Here, we report the construction, expression, and characterization of a series of mutations in the b subunit of S. cerevisiae F₁F₀-ATP synthase. Plasmid shuffling was used to achieve the ectopic expression of altered b subunits in a S. cerevisiae strain carrying a chromosomal disruption of the ATP4 gene. Insertions of up to 11 amino acids yielded a wild type phenotype for growth on YPG medium, and mitochondrial-enriched fractions had readily detectable levels of the recombinant subunits with abundant ATP hydrolysis activity. This activity showed surprisingly little oligomycin sensitivity when considered in the context of growth phenotype. Additionally, expression of the ATP4_syn+14 b subunit provided limited complementation to a strain carrying a disrupted ATP4 gene. In contrast, most of the deletion mutations resulted in a loss of F₁F₀-ATP synthase function. Only the smallest deletion subunit, ATP_synΔ4, yielded a positive growth phenotype on YPG medium. The F₁F₀ complex with this shortened subunit had no apparent activity in vitro, suggesting enzyme instability during preparative procedures.

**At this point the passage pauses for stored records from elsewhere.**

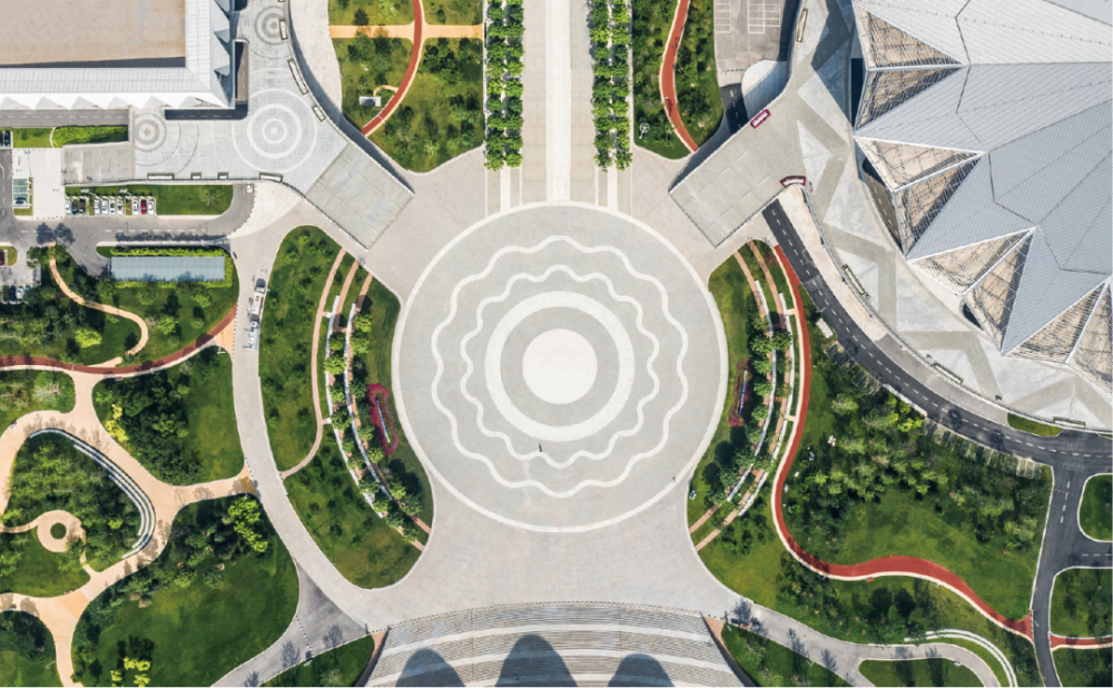 To the east of the main venue is the "seal of prosperity" square. Pomegranate flower, as an urban cultural symbol, has been abstracted and refined to become a significant "mark" in the venue. The surrounding area is surrounded by artificial terrain and whole stone seats, which can carry various large-scale public activities in the city.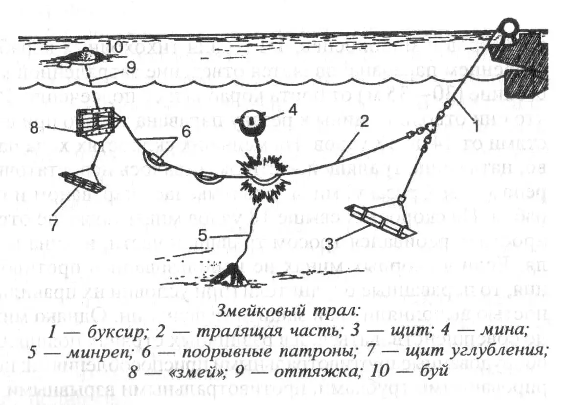 Траление осложнялось тем, что в одном и том же минном заграждении ставились мины самых различных систем и типов: якорные, антенные, донные неконтактные и др. Мины оснащались противотральными устройствами и всевозможными ловушками. Особенно трудно было бороться с донными неконтактными минами, которые имели магнитные, акустические или комбинированные неконтактные взрыватели, обладавшие высокой чувствительностью. В этих минах устанавливались приборы срочности, приводившие мину в опасное положение через определенное время после постановки (от одного часа до нескольких месяцев), и приборы кратности, приводившие мину в боевое состояние после многократного прохождения над ней корабля. Большую опасность для судоходства представляли плавающие мины. Ветры и течения переносили их даже в отдаленные районы, где применение минного оружия было вообще невозможно.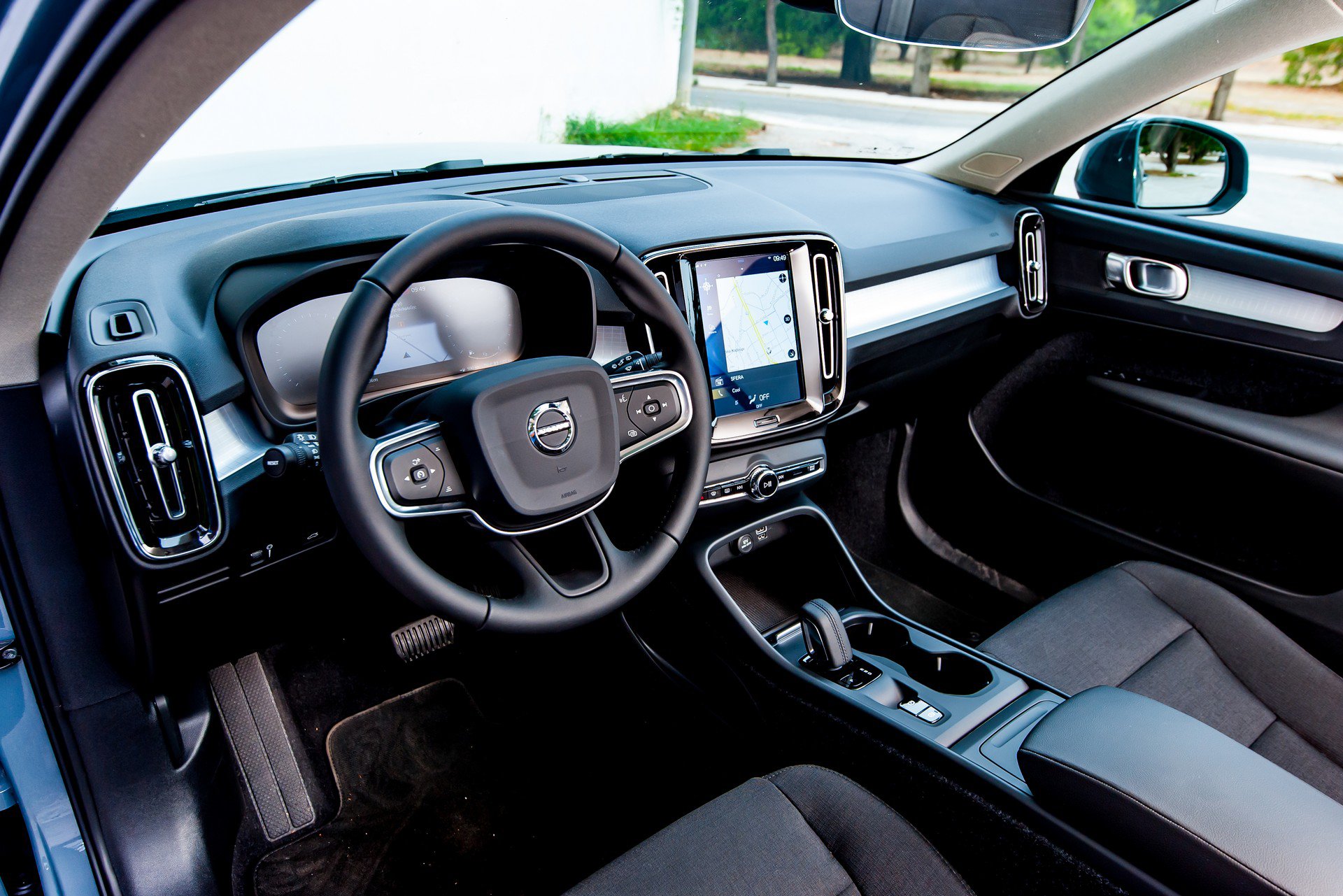 Στο μήκους 4,425 μέτρων αμάξωμα, χτισμένο στην πλατφόρμα Compact Modular Architecture (CMA), έχει χωρέσει ένα μεταξόνιο στα 2,7 μέτρα. Το σαλόνι είναι θαυμάσιο σε αισθητική, σίγουρα Volvo αν και έχουν γίνει κάποιες απλοποιήσεις σε υλικά και μοτίβα, προκειμένου να διατηρείται το μοντέλο βασικό και προσιτό. Δεν υπάρχουν σπουδαίες ενστάσεις σε αυτό. Υπάρχει ηλεκτρικό χειρόφρενο, αλλά όχι paddles στο τιμόνι για αλλαγές ταχυτήτων με το 8άρι αυτόματο κιβώτιο, υπάρχει και η κεντρική οθόνη αφής για τη διαχείριση των συστημάτων με μια κάποια δυσχέρεια σε εργονομικά ζητήματα, όπως μια κάποια δυσχέρεια υπάρχει και στην ορατότητα προς τα πίσω.

Previous work done in our laboratory showed that the E. coli F₁F₀-ATP synthase could accept large changes in length of the b subunits (13, 14). Those experiments were interpreted as evidence that considerable plasticity was an inherent property of the bacterial peripheral stalk. The experiments presented in this paper suggest that the eukaryotic peripheral stalk has similar plasticity, at least with respect to a short deletion and lengthy insertions. Changes in length ranging from the deletion of four to the insertion of 11 amino acids in the b subunit yielded an active enzyme. Assuming the predicted α helical conformation remains intact, this represents a change in length of ∼18 Å (Fig. 6A). Although this may not seem like a large change in length, the measured distance from the top of the membrane to the bottom of F₁ is ∼40 Å. Therefore, these mutations result in a change of 45% in the length of the peripheral stalk segment between the F₁ and F₀ sectors in an intact F₁F₀ complex. The additional three amino acids in the ATP4_syn+14 subunit resulted in substantially less enzyme.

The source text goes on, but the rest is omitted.